* [SUPPLIED MATERIAL]
──────

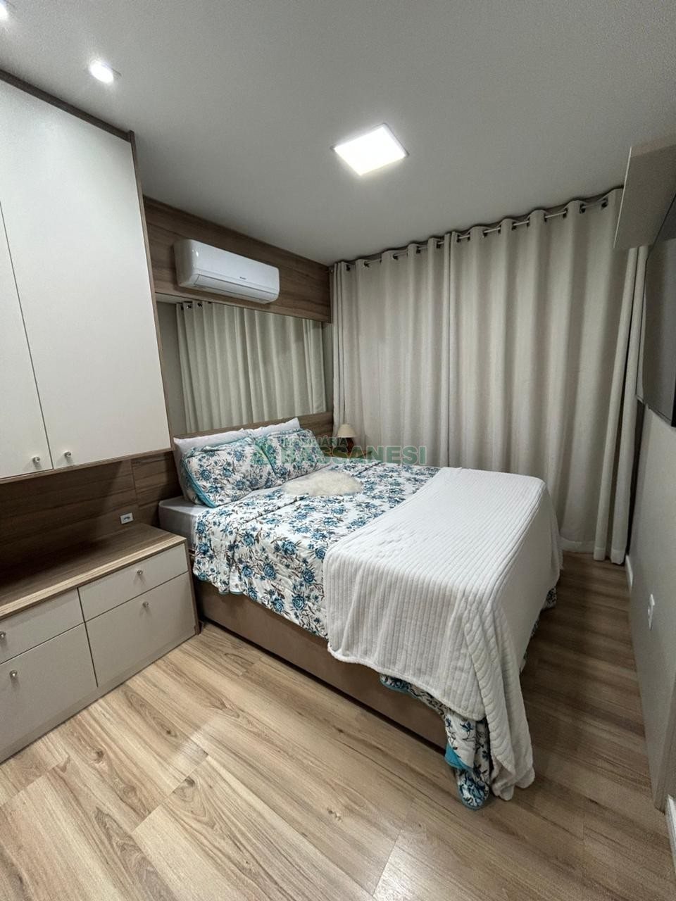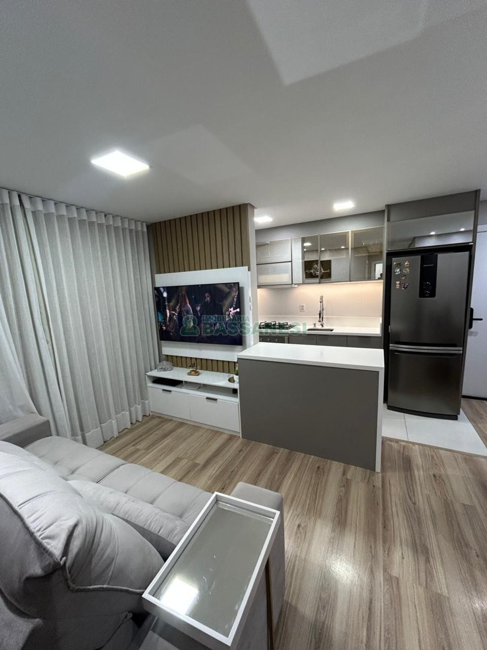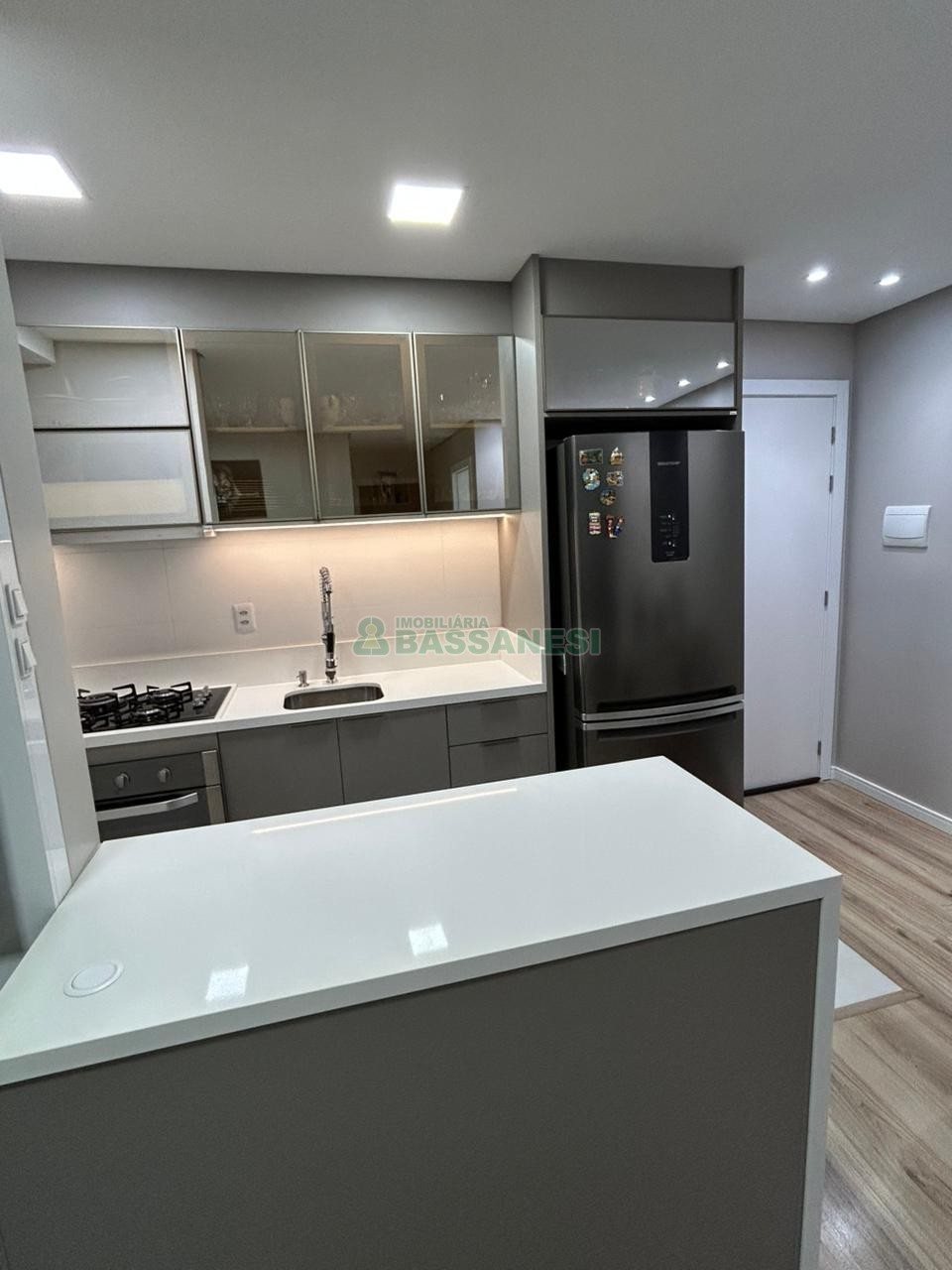 Este apartamento semi-mobiliado oferece uma ótima oportunidade de morar com conforto e praticidade, em uma área bem localizada. Com 54,6 m² de área privativa, conta com dois dormitórios, sala, cozinha, sacada e um banheiro. A unidade possui piso laminado, água quente, churrasqueira na sacada e uma vaga de garagem, além de estar em prédio com elevador, salão de festas e gás central.
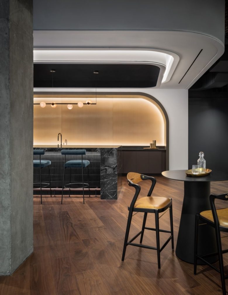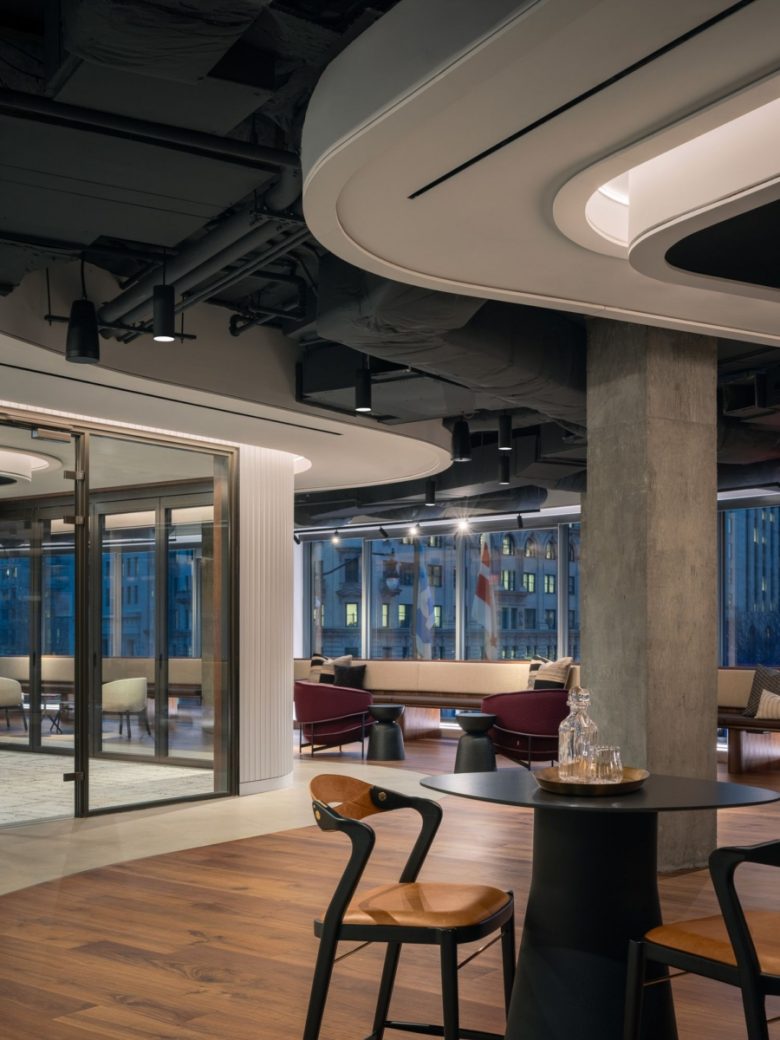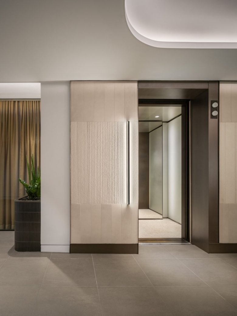 The design vernacular, in turn, balances a restrained palette of stone surfaces, wood accents, soft neutral tones, and thoughtfully detailed millwork against the drama inherent to the interconnecting stair. Custom lighting elements and subtle material contrasts reinforce a cohesive building identity while expanding the boundaries of each tenant’s workplace to arrive at a distinctive environment positioned for long-term success.
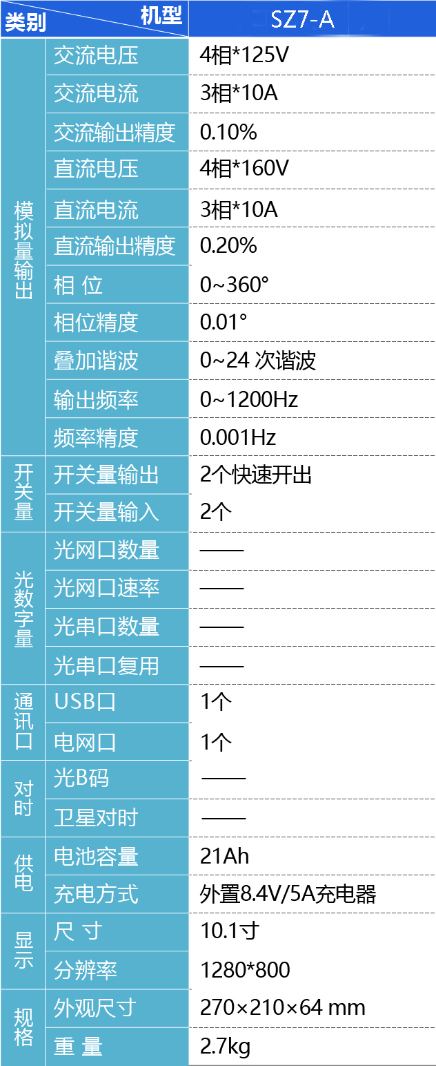 SZ7-A 二次儀表是一款包含4相電壓3相電流高精度輸出的電力二次保護(hù)系統(tǒng)測(cè)試專用儀器儀表。該產(chǎn)品可輸出高精度可控電流與電壓,主要用于變電站二次系統(tǒng)保護(hù)、測(cè)控、合并單元、智能終端等設(shè)備功能性能測(cè)試。該設(shè)備支持北斗、GPS、B碼對(duì)時(shí),多機(jī)同步輸出。
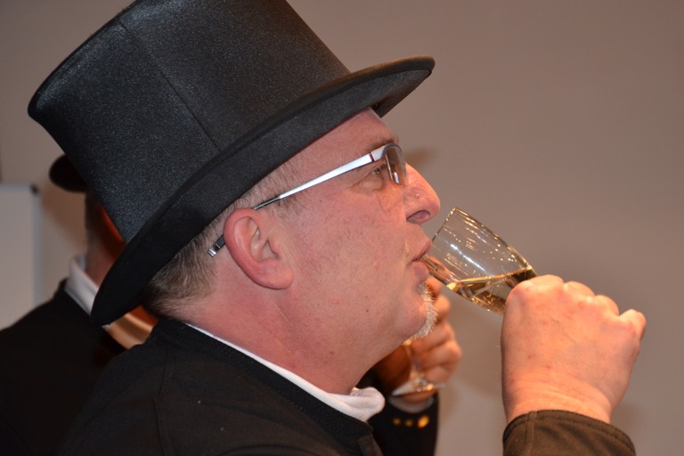 Ein Schluck auf ein gutes 2015! Bezirkskaminkehrermeister Ralf Maul am Zug.
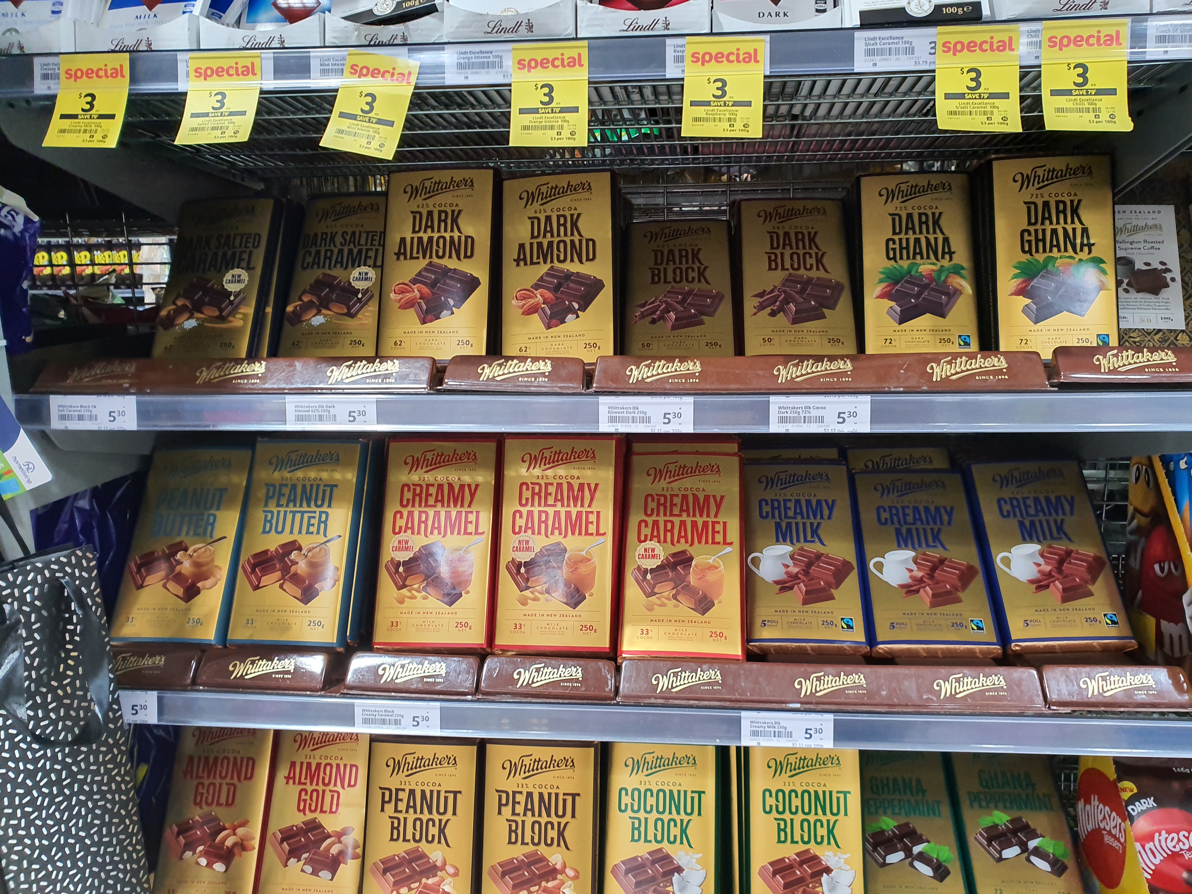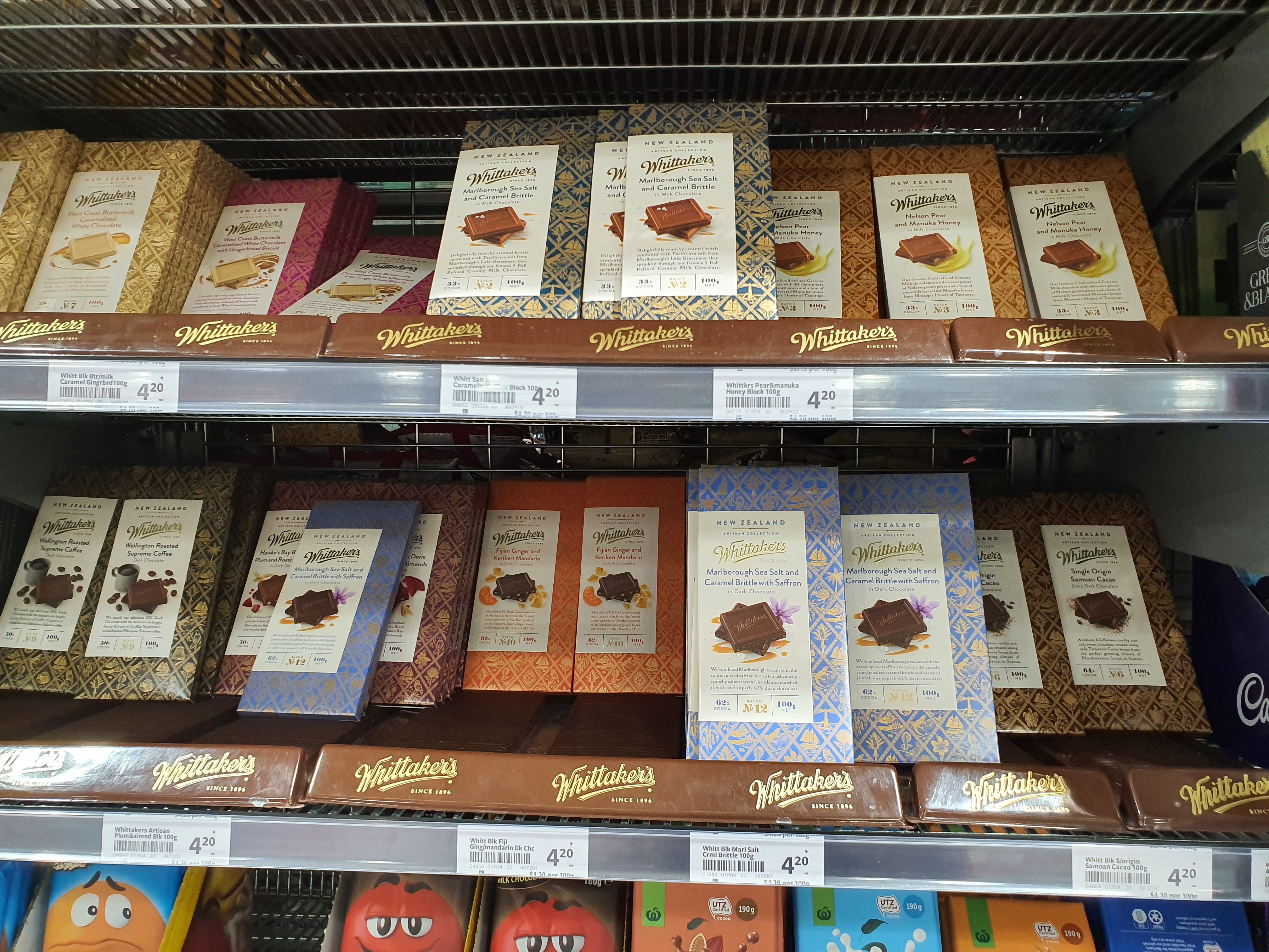 하지만 저는 소고기가 아닌 초콜릿을 구매해야 하기 때문에 휘태커스 초콜릿들이 있는 코너로 향합니다. 저는 초콜릿을 잘 먹지 않아서 몰랐는데 이 초콜릿이 뉴질랜드에서 유명하고 투썸에서도 판매중이라고 하더라구요.
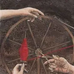 Chaque laine que je file et que je teinte est « unique ». La relation entre la légende des MOIRES & ma laine est que comme les 3 sœurs filaient le destin unique de chaque être humain, je file le destin unique de chacune de mes laines.
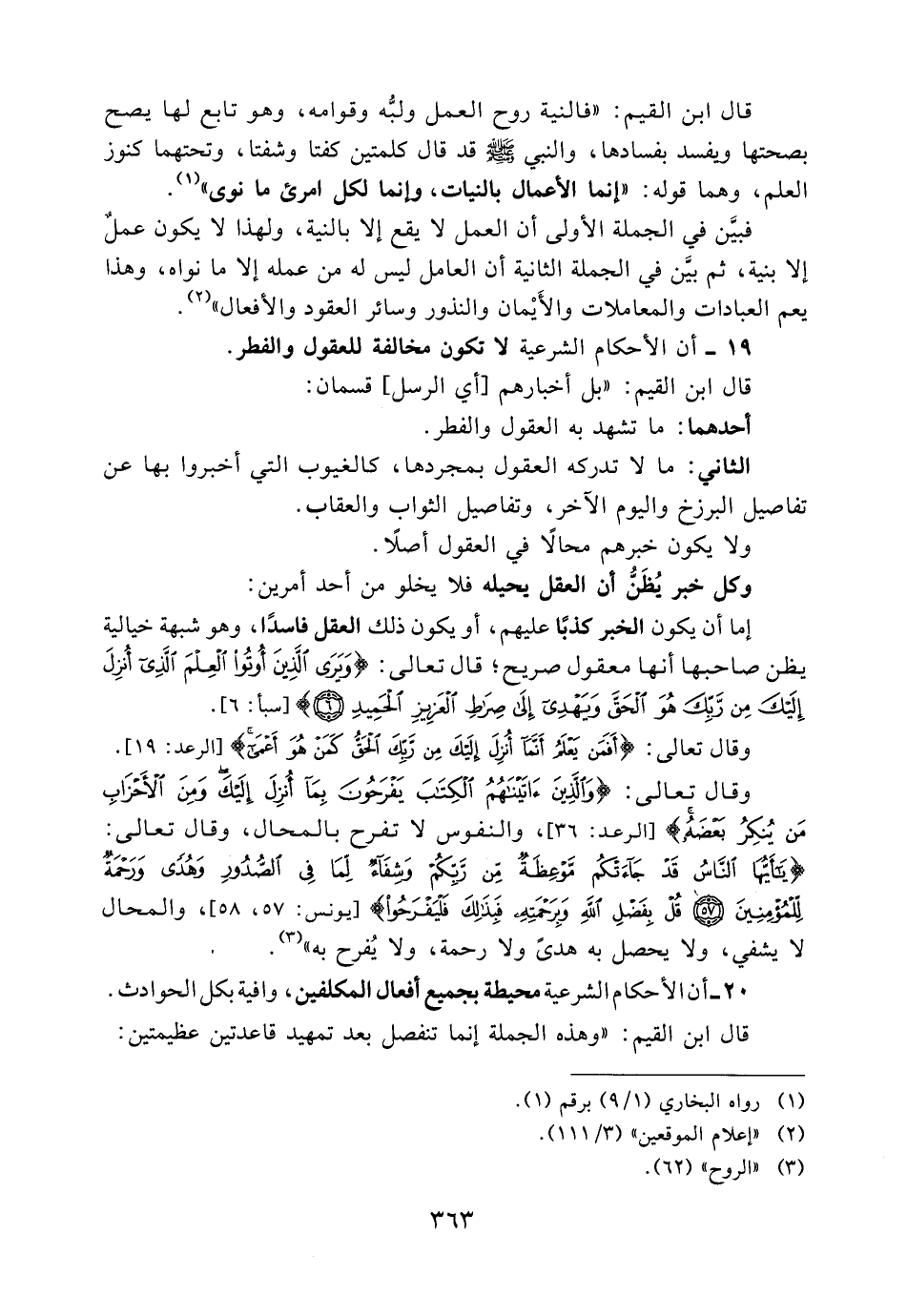 قال ابن القيم: «فالنية روح العمل ولبه وقوامه، وهو تابع لها يصح بصحتها ويفسد بفسادها، والنبي - صلى الله عليه وسلم - قد قال كلمتين كفتا وشفتا، وتحتهما كنوز العلم، وهما قوله: «إنما الأعمال بالنيات، وإنما لكل امرئ ما نوى» (2)
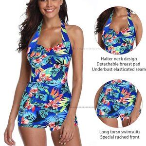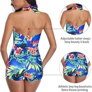 ⇒ Feature - Women's one piece swimwear designed with adjustable high neck halter & Cute sexy V neckline & Pin Up supportive push-ups & High waist "S" curve body shape & Ruched Tummy Control stylish ruffles & Supportive U back & Active boyshorts. Double Layer, Scrunch design of bottom helps lift and contour your shape, making you more charming, attractive, fashion and chic.
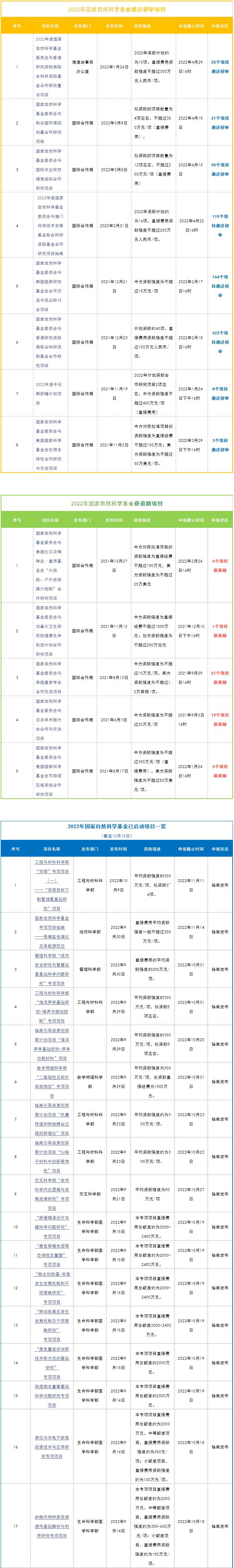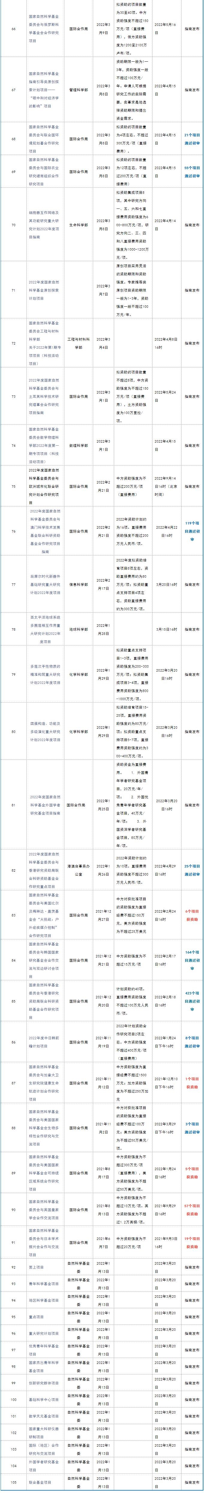 2022年国家自然科学基金项目申报指南还在陆续发布中。据不完全统计,截至目前2022年国家自然科学基金已发布105个项目的申报指南,除集中接收申请项目外,已有8个项目通过初审,5个项目已发布获资助批准通知。

──────

* [TASK ITEM]
I'd like every record above written out again exactly, without the pictures.

* [EXERCISE RESPONSE]
 Este apartamento semi-mobiliado oferece uma ótima oportunidade de morar com conforto e praticidade, em uma área bem localizada. Com 54,6 m² de área privativa, conta com dois dormitórios, sala, cozinha, sacada e um banheiro. A unidade possui piso laminado, água quente, churrasqueira na sacada e uma vaga de garagem, além de estar em prédio com elevador, salão de festas e gás central.
 The design vernacular, in turn, balances a restrained palette of stone surfaces, wood accents, soft neutral tones, and thoughtfully detailed millwork against the drama inherent to the interconnecting stair. Custom lighting elements and subtle material contrasts reinforce a cohesive building identity while expanding the boundaries of each tenant’s workplace to arrive at a distinctive environment positioned for long-term success.
 SZ7-A 二次儀表是一款包含4相電壓3相電流高精度輸出的電力二次保護(hù)系統(tǒng)測(cè)試專用儀器儀表。該產(chǎn)品可輸出高精度可控電流與電壓,主要用于變電站二次系統(tǒng)保護(hù)、測(cè)控、合并單元、智能終端等設(shè)備功能性能測(cè)試。該設(shè)備支持北斗、GPS、B碼對(duì)時(shí),多機(jī)同步輸出。
 Ein Schluck auf ein gutes 2015! Bezirkskaminkehrermeister Ralf Maul am Zug.
 하지만 저는 소고기가 아닌 초콜릿을 구매해야 하기 때문에 휘태커스 초콜릿들이 있는 코너로 향합니다. 저는 초콜릿을 잘 먹지 않아서 몰랐는데 이 초콜릿이 뉴질랜드에서 유명하고 투썸에서도 판매중이라고 하더라구요.
 Chaque laine que je file et que je teinte est « unique ». La relation entre la légende des MOIRES & ma laine est que comme les 3 sœurs filaient le destin unique de chaque être humain, je file le destin unique de chacune de mes laines.
 قال ابن القيم: «فالنية روح العمل ولبه وقوامه، وهو تابع لها يصح بصحتها ويفسد بفسادها، والنبي - صلى الله عليه وسلم - قد قال كلمتين كفتا وشفتا، وتحتهما كنوز العلم، وهما قوله: «إنما الأعمال بالنيات، وإنما لكل امرئ ما نوى» (2)
 ⇒ Feature - Women's one piece swimwear designed with adjustable high neck halter & Cute sexy V neckline & Pin Up supportive push-ups & High waist "S" curve body shape & Ruched Tummy Control stylish ruffles & Supportive U back & Active boyshorts. Double Layer, Scrunch design of bottom helps lift and contour your shape, making you more charming, attractive, fashion and chic.
 2022年国家自然科学基金项目申报指南还在陆续发布中。据不完全统计,截至目前2022年国家自然科学基金已发布105个项目的申报指南,除集中接收申请项目外,已有8个项目通过初审,5个项目已发布获资助批准通知。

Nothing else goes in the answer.